Но ненависть ли или зависть, желание ли у одних блага, у других мести – и те и другие будут страшны в будущем западном движении. Они будут на первом плане. Перед их рабочими мышцами, мрачной отвагой и накипевшим желанием мести что сделают консерваторы и риторы? Да что сделают и прочие горожане, когда на зов работника поднимется саранча полей и деревень? Крестьянские войны забыты; последние эмигранты из земледельцев относятся ко временам ревокации Пантского эдикта; Вандея исчезла за пороховым дымом. Но мы обязаны 2 декабрю тем, что своими глазами вновь увидели эмигрантов в деревянных башмаках.

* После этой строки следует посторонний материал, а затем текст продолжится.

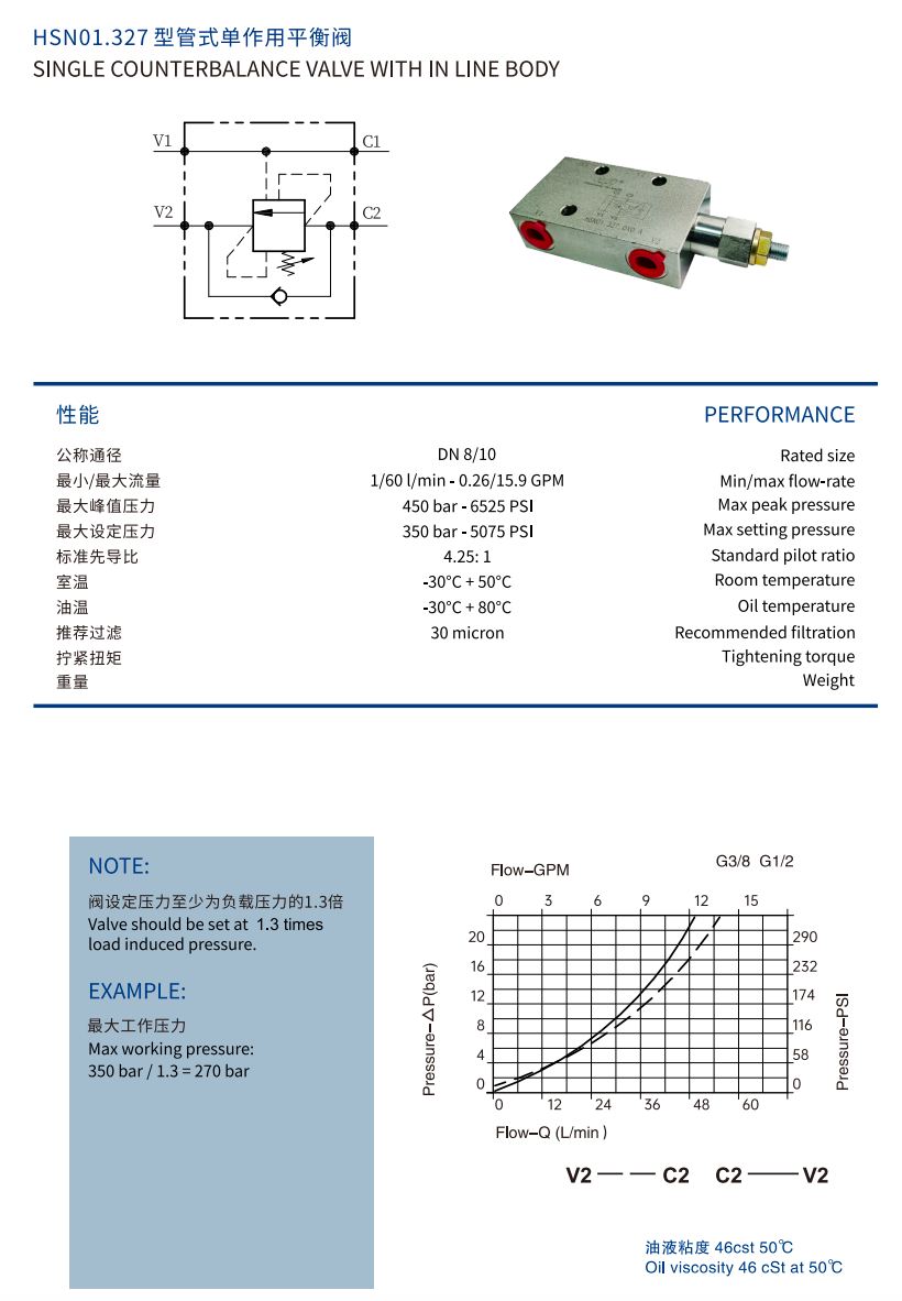 SINGLE COUNTERBALANCE VALVE WITH IN LINE BODY

Сельское население на юге Франции, от Пиреней до Альп, приподняло голову после coup d’Etat, как бы спрашивая: «Не пришла ли наша пора?» Восстание было задавлено в самом начале массами солдат; за ними явились военно-судные комиссии; стая гончих жандармов и полицейских ищеек рассыпались по проселочным дорогам и деревушкам. Очаг крестьянина, его семья, эти святыни его, были обесчещены полициею; она требовала показания жены на мужа, сына на отца и по двусмысленному слову родственника, по одному доносу garde champêtre[69] вели в тюрьму отцов семейства, седых, как лунь, стариков, юношей, женщин; судили их кой-как, гуртом, и потом случайно кого выпустили, кого послали в Ламбессу, в Кайенну, другие сами бежали в Испанию, в Савойю, за Варский мост[70].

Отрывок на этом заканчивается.